Recently, a signature of RCT was found in experiments on 2p photoionization of Ar dimers [9]. Furthermore, by measuring the 1s photoelectron in coincidence with two Ne⁺ ions originating from a Coulomb explosion at the equilibrium distance of Ne²⁺–Ne states, a comprehensive study performed in [10] proposed the prevalence of RCT with respect to other decay channels after inner-shell ionization of Ne dimers. Later on, signatures of RCT have been observed after direct double photoionization of Ne dimers [11], ionization of Ar dimers by electron impact [12], and inner-shell ionization of heteronuclear Ne–Ar dimers [13]. Theoretically [13–15], RCT photon energies were estimated from calculated potential energy curves and the respective decay rates have been reconstructed. In all experimental studies, electron–ion multicoincidence techniques have been used, which are de facto constrained to the detection of charged particles. Therefore, whenever neutral fragments are produced or photons are emitted, a full reaction information is inaccessible by these detection techniques or can only be (in some cases) reconstructed by applying momentum or energy conservation principles. The RCT photons, thus, were not observed in these studies, and the occurrence of RCT was only deduced from energy conservation reasons. In this letter, we report the first direct observation of RCT photons and support it by comparison of the experimental photon emission spectra from core-excited and core-ionized Ne clusters with the results of ab initio calculations.
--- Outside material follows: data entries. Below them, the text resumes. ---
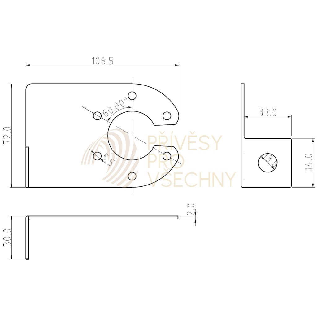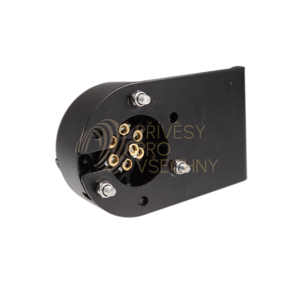 Univerzální kovový držák pro zásuvky 12V. Pro uchycení zásuvky je dřžák opatřen šesti otvory pro šrouby M5. Jejich rozmístění odpovídá montážním otvorům standardních 12V zásuvek 7-pólových a 13-pólových. Na vozidlo je pak možné držák připevnit šroubem M12. Montovanou zásuvku je nutné opatřit gumovou těsnící podložkou odpovídající tvaru zásuvky, aby bylo dosaženo optimálního zabezpečení před vnikáním vody. Montážní materiál ani zásuvka nejsou součástí balení.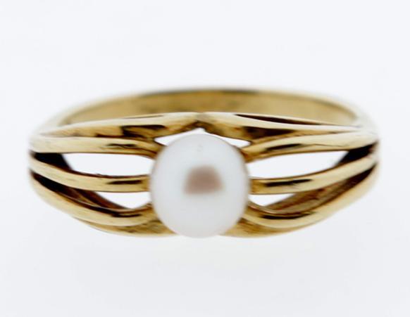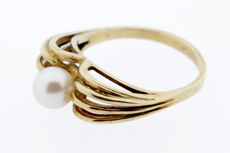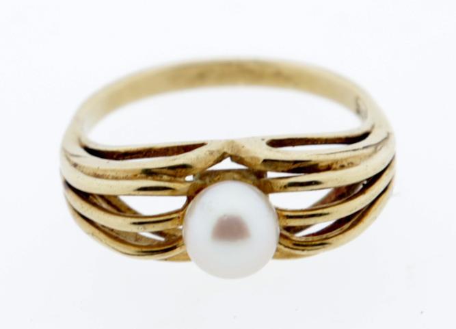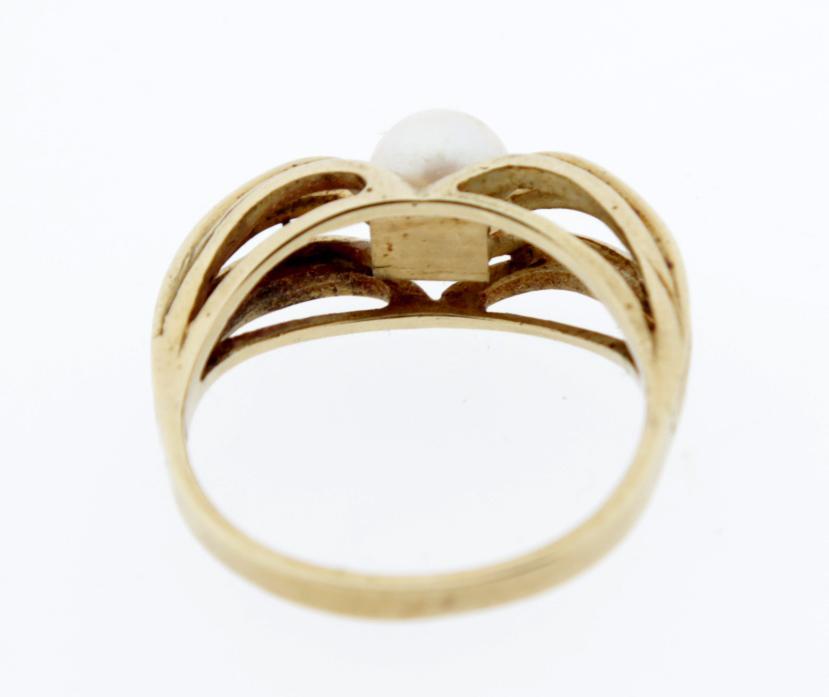 Gouden damesring bezet met parel, diam.19 mm., 4 gram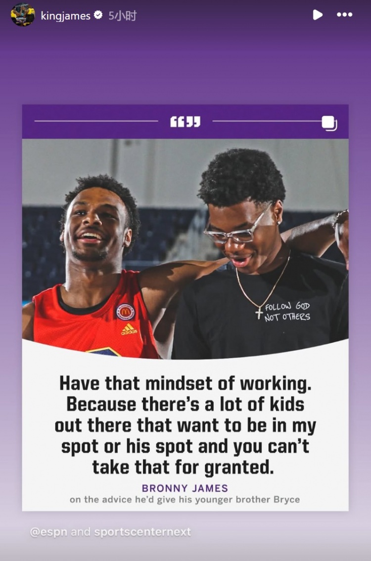 布朗尼建議布萊斯要有努力訓(xùn)練的心態(tài)!父親詹姆斯轉(zhuǎn)發(fā)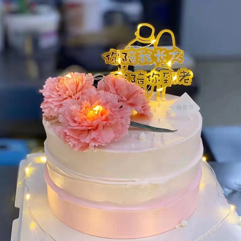 陪伴您妈妈-康乃馨发光带鲜花款蛋糕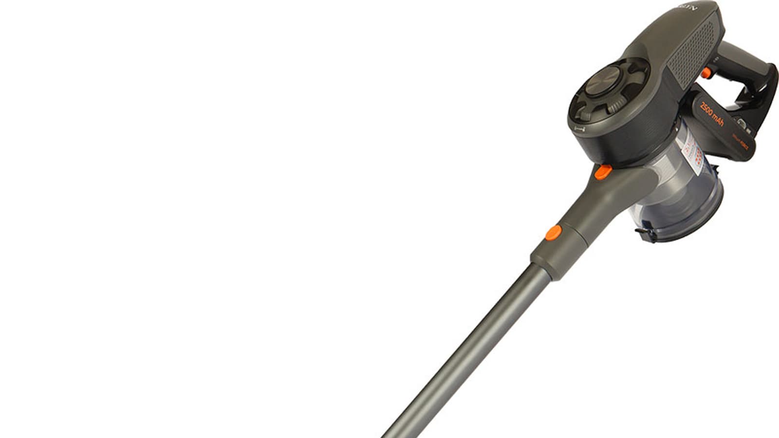 Компоновка традиционна для аккумуляторных пылесосов с поперечным расположением циклонного фильтра: над контейнером для мусора находится выпускной фильтр, за ним — электродвигатель, под которым — рукоятка пистолетного типа со «спусковым крючком», включающим и выключающим устройство.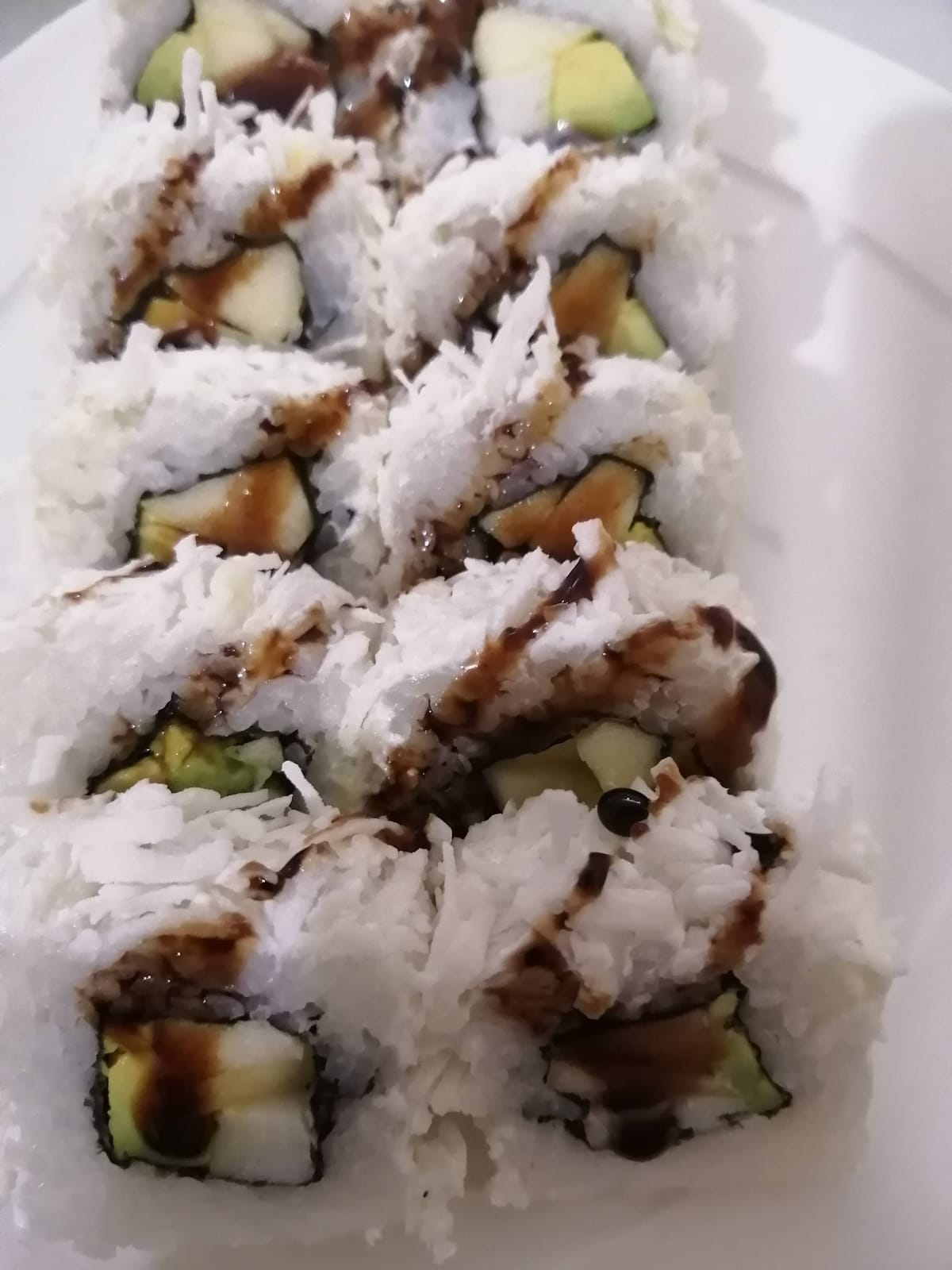 Relleno de aguacate, manzana y surimi, con coco rallado y salsa de anguila por fuera. ¡Una explosión de sabor tropical!.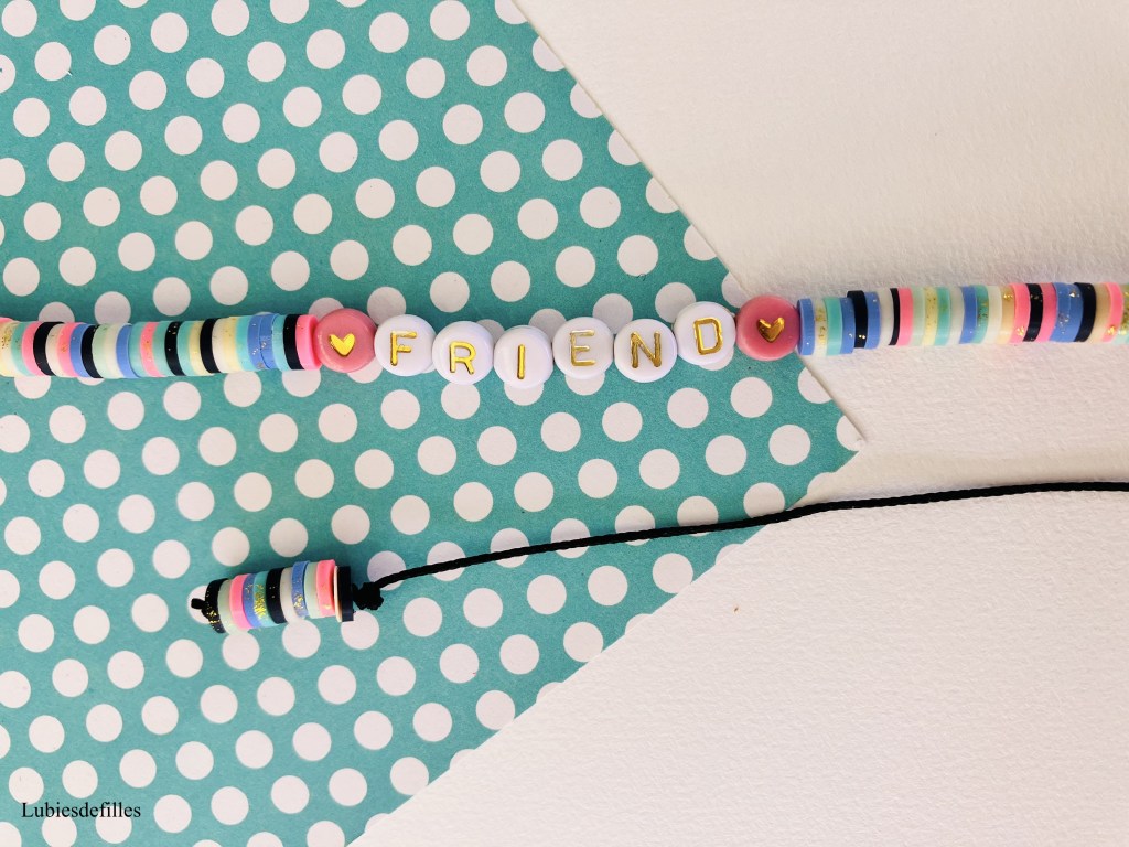 -Enfilez les perles Heishis et vos perles à message, j’ai choisi Love et Friend pour le deuxième collier réalisé. Terminez en faisant un double noeud.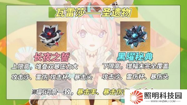 目前納塔兩套契合瓦雷莎的圣遺物都很強,遠超舊圣遺物,建議用新套裝:①黑曜秘典套:下限更高,15%增傷(夜魂加持期間才有)40%暴擊率(需EAAEA啟動消耗夜魂后激活),養成難度極低。可選擇‘攻擊沙、雷傷杯、暴傷頭’;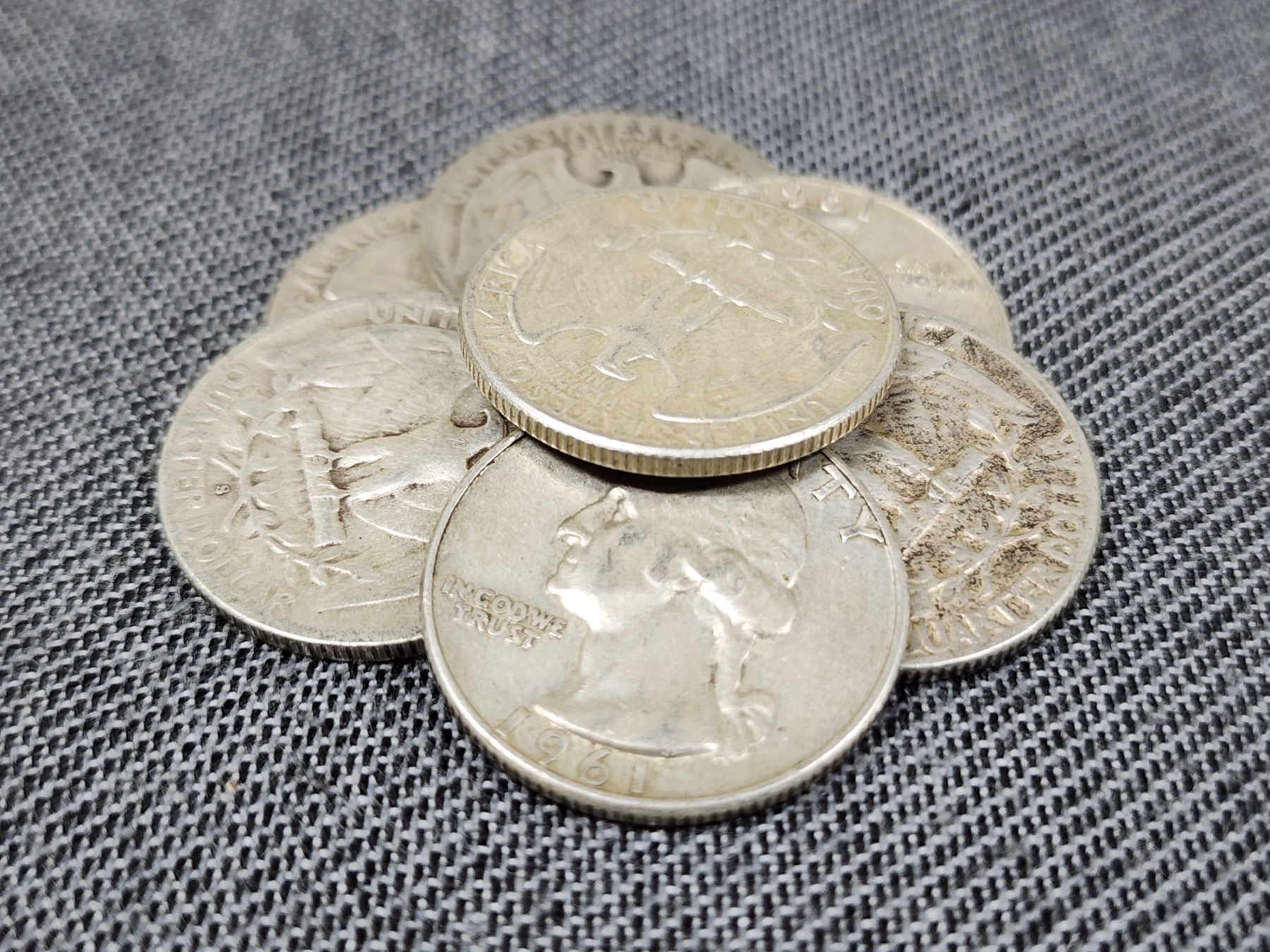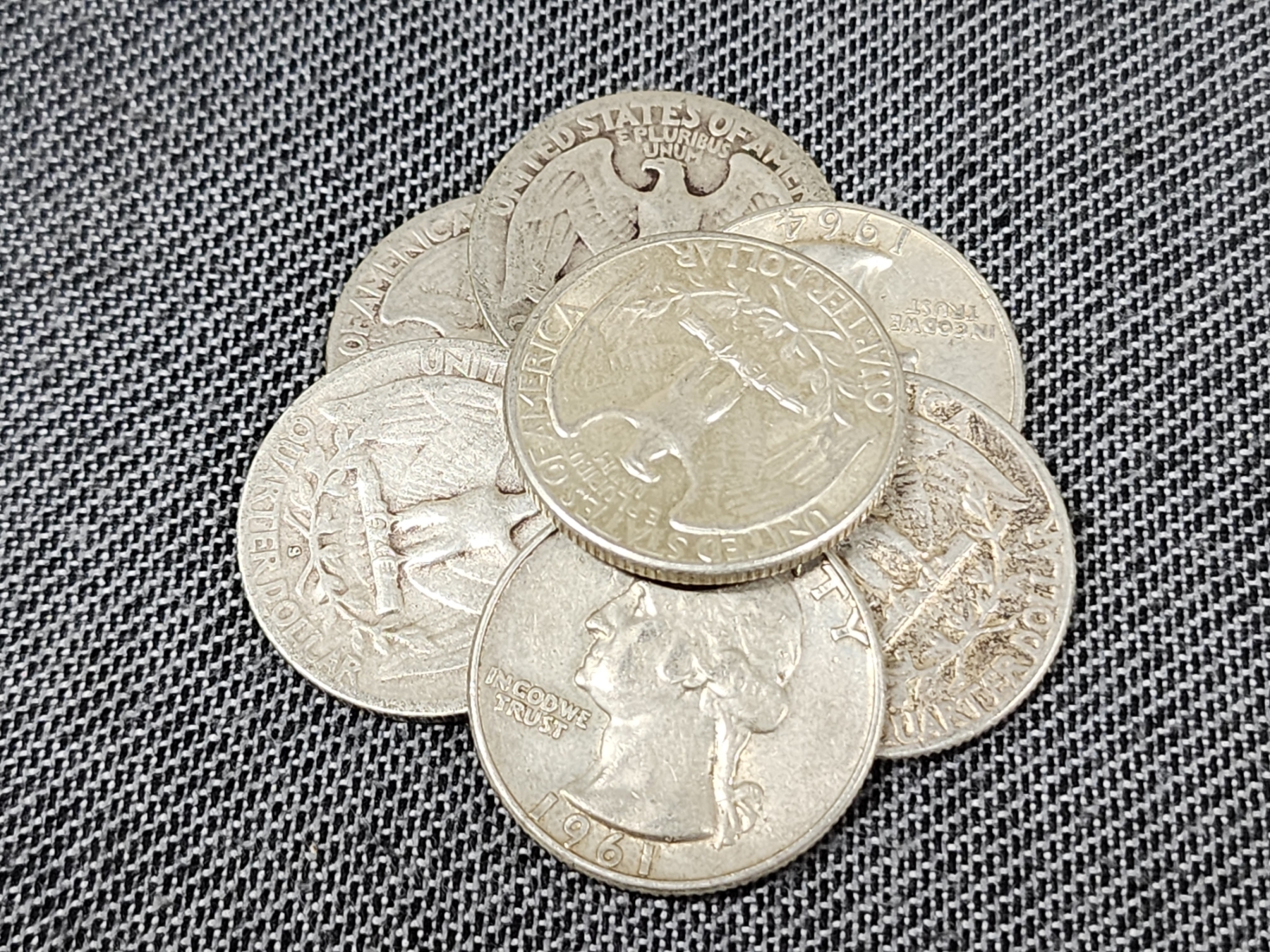 Seven 90% Silver United States Washington Quarter Dollars ~ $1.75 Face Value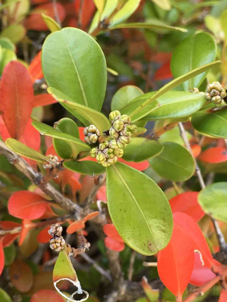 セイヨウツゲ 知らなかったのでPCで調べたら ボックスウッドで流通してますね、違いはほぼ無い、刈込に耐える事と樹高が大きくても8mまで ツゲは9mを越える事があり紅葉もします、どちらも雌雄同株で花蕾は1個づつ、違いを見つけるのは難しいですね。ツゲ投稿します。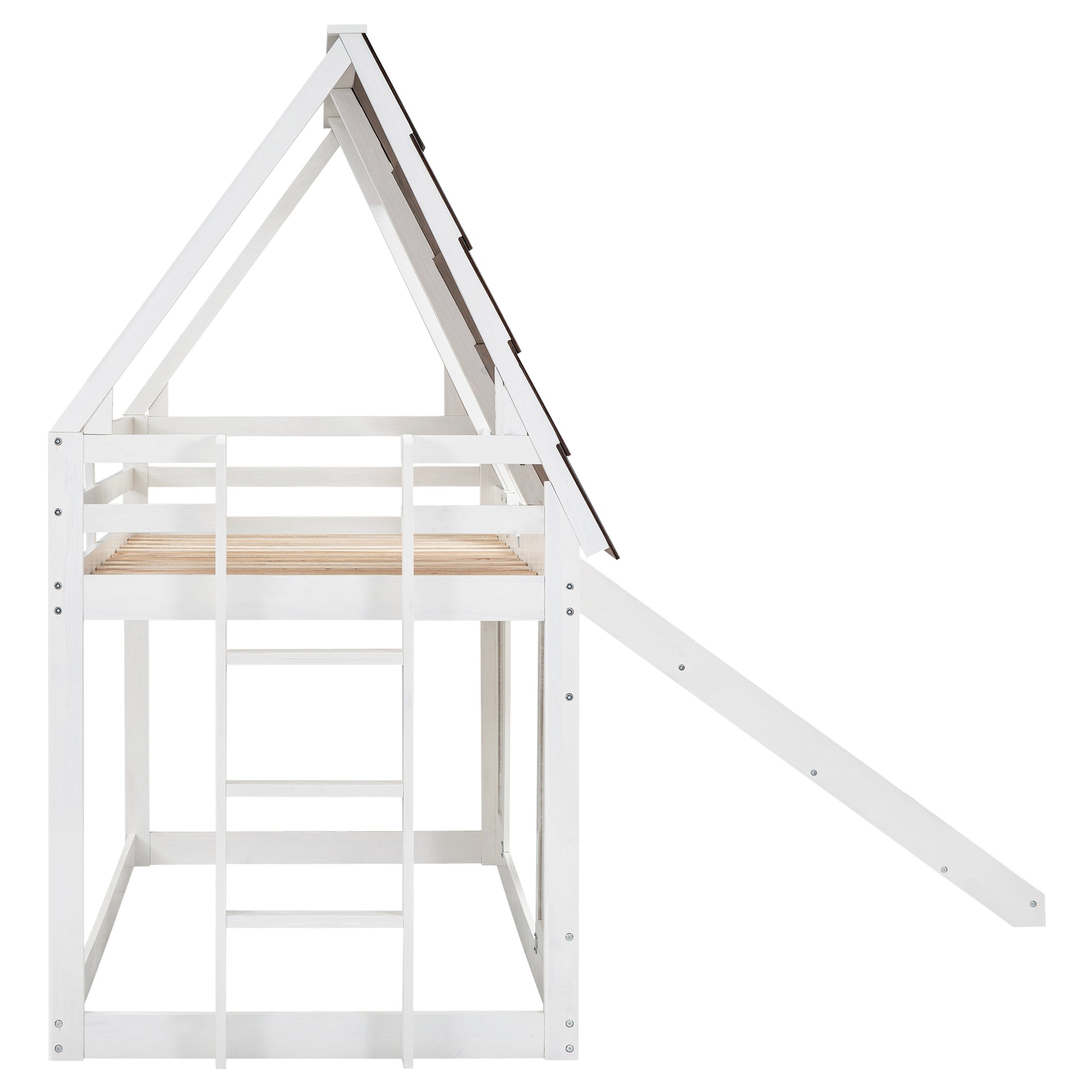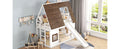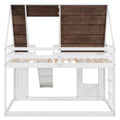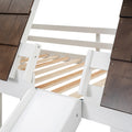 Wood Twin Size House Bunk Bed With Roof, Ladder And Slide, White Brown Box Spring Not Required Twin Brown White Wood Bedroom Pine Bunk Solid Wood Mdf

In Ne clusters, the RCT transitions are predicted to occur in the vacuum-ultraviolet (VUV) spectral range [10], where dispersed photon detection from dilute targets is experimentally challenging. So far, no study of photon emission in the VUV range after 1s ionization or excitation of Ne clusters has been reported. Nonetheless, several investigations have been carried out on solid, liquid, and high-pressure gas phase Ne [16–24]. In few works spectra have been reported, which indeed exhibit a signal in the relevant emission range. However, none of these features has been interpreted in terms of RCT. In other noble gases, mostly in Ar, emissions in the ultraviolet spectral range have been attributed to charge transfer processes in ion–atom collisions [25–29]. Recently [30–32], fluorescence detection has been successfully introduced as a tool to identify and characterize interatomic processes in clusters.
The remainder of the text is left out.